| EXERCISE OBJECTIVE |
Each record that follows should be repeated exactly, minus any images.

| SUPPLIED RECORDS |
※

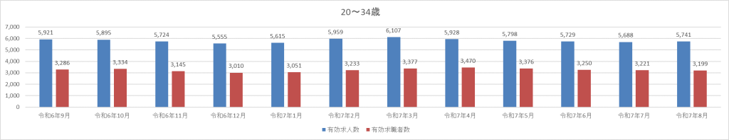 20~34歳層の即戦力層は安定を維持しています。
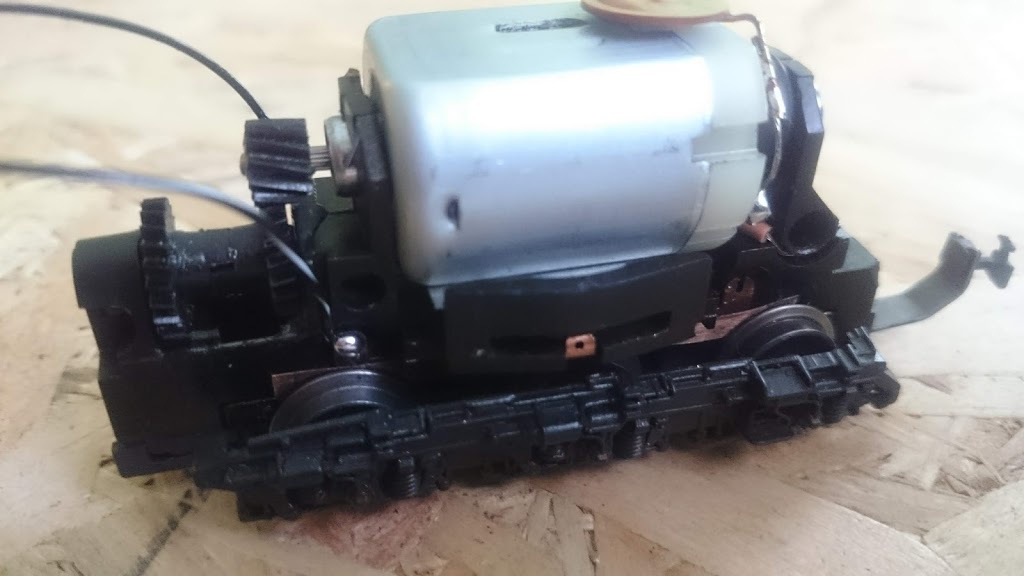 Másik barkácsolás a BR130 motorom teljesen megadta magát,maga az állórész rossz szerintem a mágnes megmozdul bent,kínlódtam is vele egy napot,de megoldottam egy központi zár motort tettem bele mi nagyon jó lett .. Úgy megy,hogy a 880 íven felborul ha nem vigyázok.. Lesz miből visszavenni ha digi lesz.. Alacsony sebességen is jó a nyomatéka a motornak ezért lett szerintem sokkal jobb az eredetinél..A PIKO hátsó kefés motoroknál azt vettem észre egyik irányban nem úgy megy hanem lassabb ez van a BR185 motorkocsinál is pedig az ki lett tisztíva kefe,kommutátor minden,de mégis pedig nagyon finom a hangja..Motorból van tartalék ezért is ez lett.. Kéne még egy hajtást szereznem akkor mindkét fele lehetne ilyen akár.. |
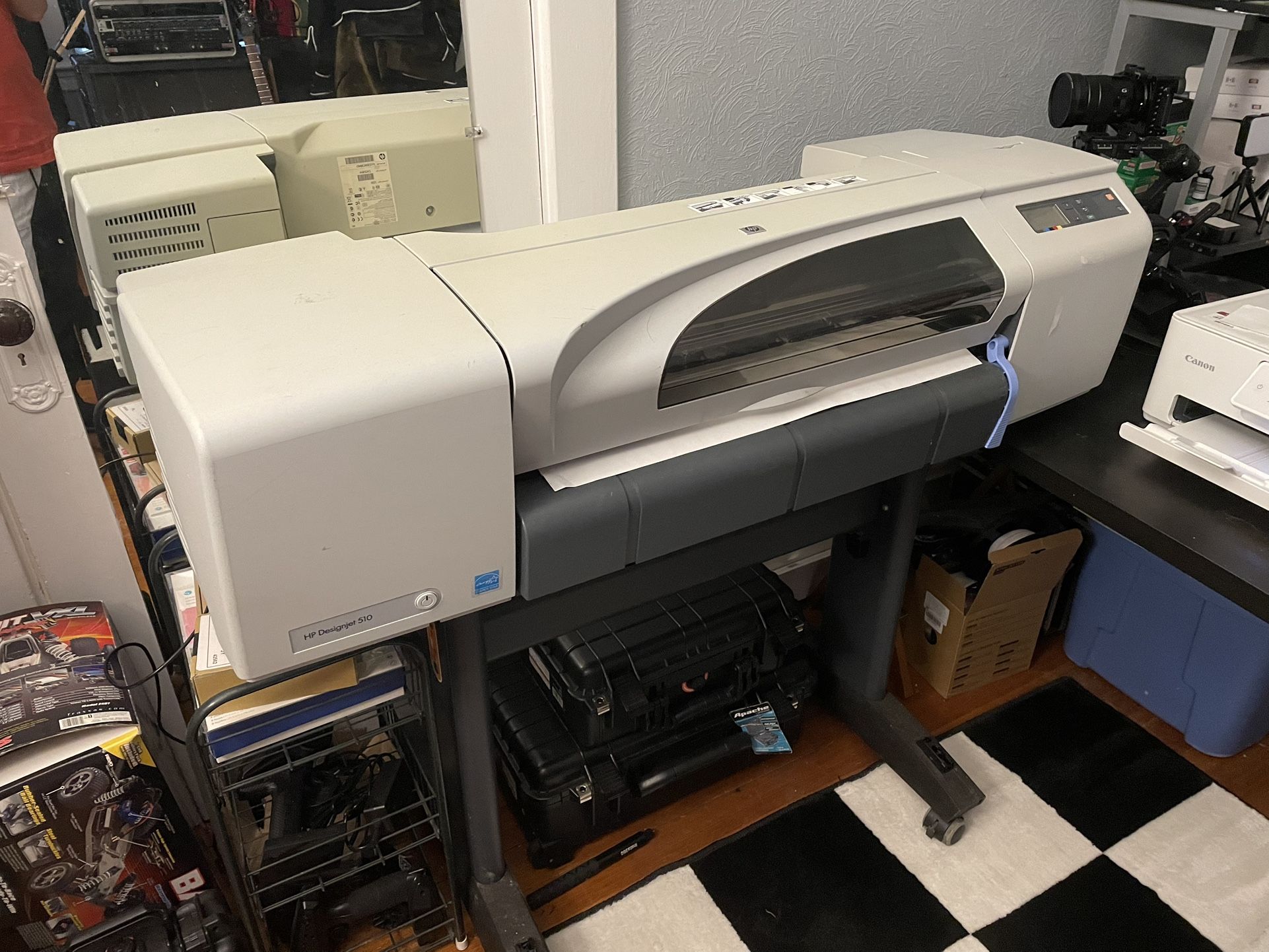 Wide format machine takes up to 24in rolls. CMYK. I never use it and the guy before me only used it a couple times, so despite its age, it’s practically new.
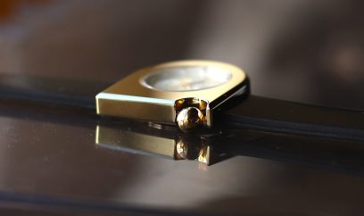 計算されつくしたカーブに本体とかけ離れた雰囲気の球体のリューズ。
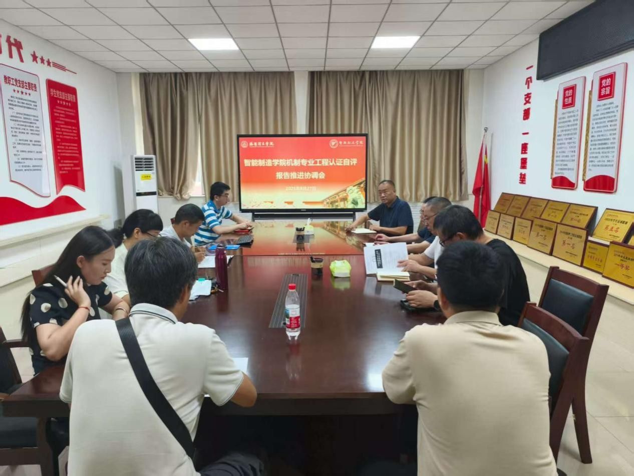 8月27日下午6:00,学院在机械楼CS301召开“智能制造学院机制专业工程教育认证自评报告推进协调会”。领导小组组长朱德荣、贺艺,副组长孟展、吴锐、沈俊芳及自评报告七大模块撰写负责人参会。
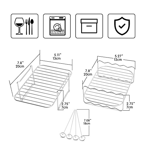 - ✔【Widely Applicable】This air fryer rack can be used with grill and skewers, which can help you make kebabs, steaks, vegetables, fruits, pizza, barbecue, etc.
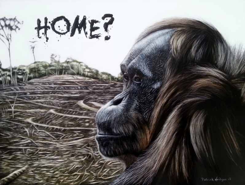 In the Frankfurt Zoo I saw this orangutan and coupled with West Africa’s lack of wildlife (displaced, destroyed or eaten) and the orangutan’s own Indonesian issues with homeland being decimated to make way for our insatiable urge to produce palm oil, I created this protest piece.

※

| SOLUTION FOR THIS TASK |
 20~34歳層の即戦力層は安定を維持しています。
 Másik barkácsolás a BR130 motorom teljesen megadta magát,maga az állórész rossz szerintem a mágnes megmozdul bent,kínlódtam is vele egy napot,de megoldottam egy központi zár motort tettem bele mi nagyon jó lett .. Úgy megy,hogy a 880 íven felborul ha nem vigyázok.. Lesz miből visszavenni ha digi lesz.. Alacsony sebességen is jó a nyomatéka a motornak ezért lett szerintem sokkal jobb az eredetinél..A PIKO hátsó kefés motoroknál azt vettem észre egyik irányban nem úgy megy hanem lassabb ez van a BR185 motorkocsinál is pedig az ki lett tisztíva kefe,kommutátor minden,de mégis pedig nagyon finom a hangja..Motorból van tartalék ezért is ez lett.. Kéne még egy hajtást szereznem akkor mindkét fele lehetne ilyen akár.. |
 Wide format machine takes up to 24in rolls. CMYK. I never use it and the guy before me only used it a couple times, so despite its age, it’s practically new.
 計算されつくしたカーブに本体とかけ離れた雰囲気の球体のリューズ。
 8月27日下午6:00,学院在机械楼CS301召开“智能制造学院机制专业工程教育认证自评报告推进协调会”。领导小组组长朱德荣、贺艺,副组长孟展、吴锐、沈俊芳及自评报告七大模块撰写负责人参会。
 - ✔【Widely Applicable】This air fryer rack can be used with grill and skewers, which can help you make kebabs, steaks, vegetables, fruits, pizza, barbecue, etc.
 In the Frankfurt Zoo I saw this orangutan and coupled with West Africa’s lack of wildlife (displaced, destroyed or eaten) and the orangutan’s own Indonesian issues with homeland being decimated to make way for our insatiable urge to produce palm oil, I created this protest piece.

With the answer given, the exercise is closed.